Der Verwaltungsgerichtshof kann nicht erkennen, daß die auf Grund der Ergebnisse des Ermittlungsverfahrens vorgenommene Würdigung unschlüssig wäre. Selbst wenn zur Tatzeit die vom Gesetz aufgestellte Vermutung, ein Blutalkoholgehalt von 0,8 %o lasse jedenfalls auf eine Alkoholbeeinträchtigung im Sinne des § 5 Abs. 1 StVO 1960 schließen, nicht zum Tragen käme, weil zu diesem Zeitpunkt der vom Beschwerdeführer unmittelbar vor Antritt der zum Unfallort führenden Fahrt genossene Alkohol noch nicht zur Gänze resorbiert gewesen sei, konnte die belangte Behörde in unbedenklicher Weise davon ausgehen, daß jedenfalls die vom Beschwerdeführer bereits resorbierte Menge in Verbindung mit dem sogenannten Anflutungseffekt eine Alkoholbeeinträchtigung nach sich gezogen hat. Es trifft auch zu, daß sie in diesem Zusammenhang mit dem auffälligen Fahrverhalten des Beschwerdeführers argumentiert; wenn der Beschwerdeführer dieses Verhalten mit näher genannten gesundheitlichen Beeinträchtigungen begründet hat, ist es doch für die Annahme einer relevanten Alkoholbeeinträchtigung ausreichend, daß der Zustand der Fahruntüchtigkeit durch Alkohol mitverursacht wurde.

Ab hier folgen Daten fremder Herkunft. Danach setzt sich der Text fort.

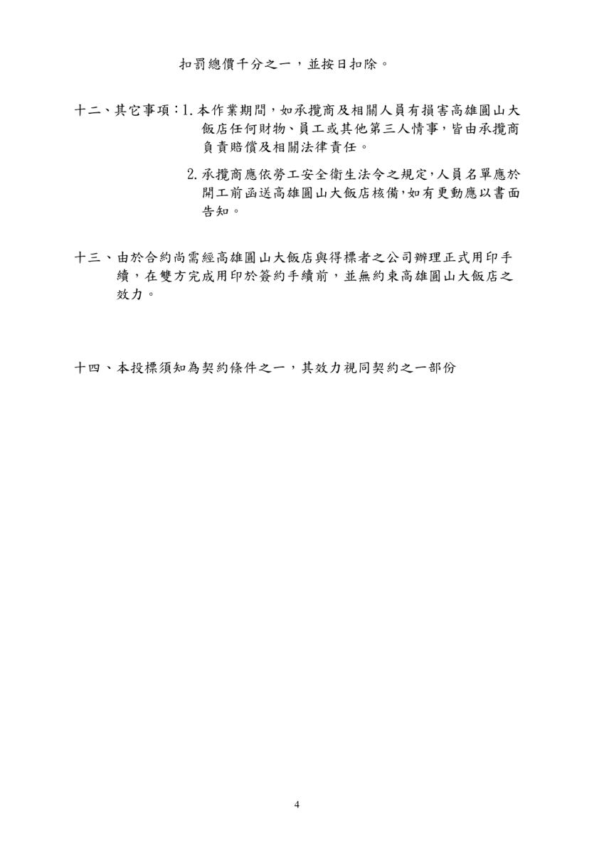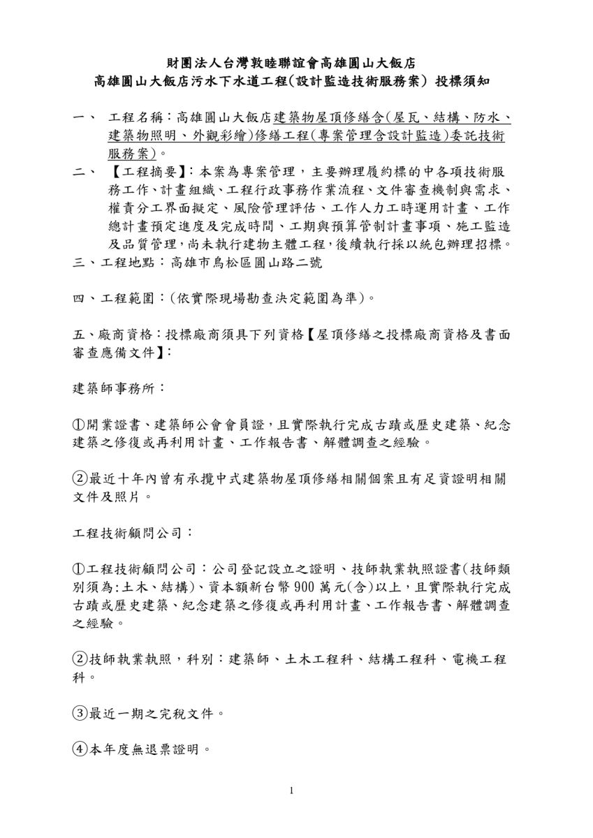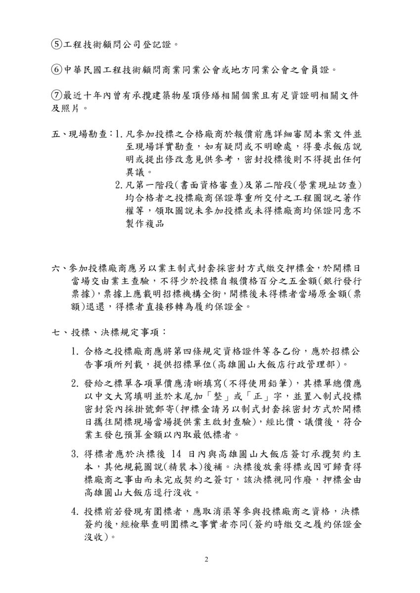 【履約保證金】:開標當日決標後,得標廠商交付之押標金(銀行發行票據)直接轉為履約保證 金,交由業主收執。 【屋頂修繕之投標廠商資格及書面審查應備文件】: 建築師事務所: ○1開業證書、建築師公會會員證,且實際執行完成古蹟或歷史建築、紀念建築之修復或再利用 計畫、工作報告書、解體調查之經驗。 ②最近十年內曾有承攬中式建築物屋頂修繕相關 個案且有足資證明相關文件及照片。 工程技術顧問公司: ○1工程技術顧問公司:公司登記設立之證明、技師執業執照證書(技師類別須為:土木、結 構)、資本額新台幣900萬元(含)以上,且實際執行完成古蹟或歷史建築、紀念建築之修復 或再利用計畫、工作報告書、解體調查之經驗。 ②技師執業執照,科別:建築師、土木工程科、結構工程科、電機工程科。 ③最近一期之完稅文件。 ④本年度無退票證明。 ⑤工程技術顧問公司登記證。 ⑥中華民國工程技術顧問商業同業公會或地方同業公會之會員證。 ⑦最近十年內曾有承攬建築物屋頂修繕相關個案且有足資證明相關文件及照片。 以上資料裝訂請使用A4尺寸;封面加註〔參加高雄圓山大飯店建築物屋頂修繕含(屋瓦、結 構、防水、建築物照明、外觀彩繪)修繕工程(專案管理(含設計監造)委託技術服務案) 〕。

Im übrigen ist es auch zutreffend, sich bei der Beweiswürdigung in erhöhtem Maße auf Angaben des Beschuldigten unmittelbar nach der Tat zu stützen; es kann daher dahinstehen, aus welchen Gründen der Beschwerdeführer die ebenfalls auf die Annahme einer Alkoholbeeinträchtigung gestützte

- verhältnismäßig geringfügige - Entziehung der Lenkerberechtigung nicht bekämpft hat. Es kann aus diesem Grunde auch dahinstehen, ob es überhaupt einen Verfahrensmangel darstellt, daß die belangte Behörde die Ausführungen des Beschwerdeführers in seiner letzten Stellungnahme im Verwaltungsstrafverfahren vom 26. November 1992 nicht berücksichtigt hat, obwohl der angefochtene Bescheid erst am 3. Dezember 1992 zugestellt wurde (der Beschwerdeführer hat die ihm zuletzt gesetzte Frist zur Stellungnahme zum "Ergänzungsgutachten" der ärztlichen Amtssachverständigen bis 18. November 1992 nicht genützt, die in Rede stehende Stellungnahme vom 26. November 1992 langte erst nach Abfertigung des angefochtenen Bescheides bei der belangten Behörde ein, die belangte Behörde ging im angefochtenen Bescheid davon aus, daß der Beschwerdeführer keine Äußerung erstattet hat). Der Inhalt dieser Stellungnahme läßt nämlich keinen Zweifel an der Schlüssigkeit der dem angefochtenen Bescheide zugrundeliegenden Beweiswürdigung aufkommen. Sie setzt sich lediglich mit dem Umstand auseinander, daß der Beschwerdeführer gesundheitliche Beeinträchtigungen und keinen Blutalkoholgehalt von mehr als 0,8 %o aufgewiesen habe.

Der Schuldspruch in Ansehung des § 5 Abs. 1 StVO 1960 hält daher der verwaltungsgerichtlichen Kontrolle stand.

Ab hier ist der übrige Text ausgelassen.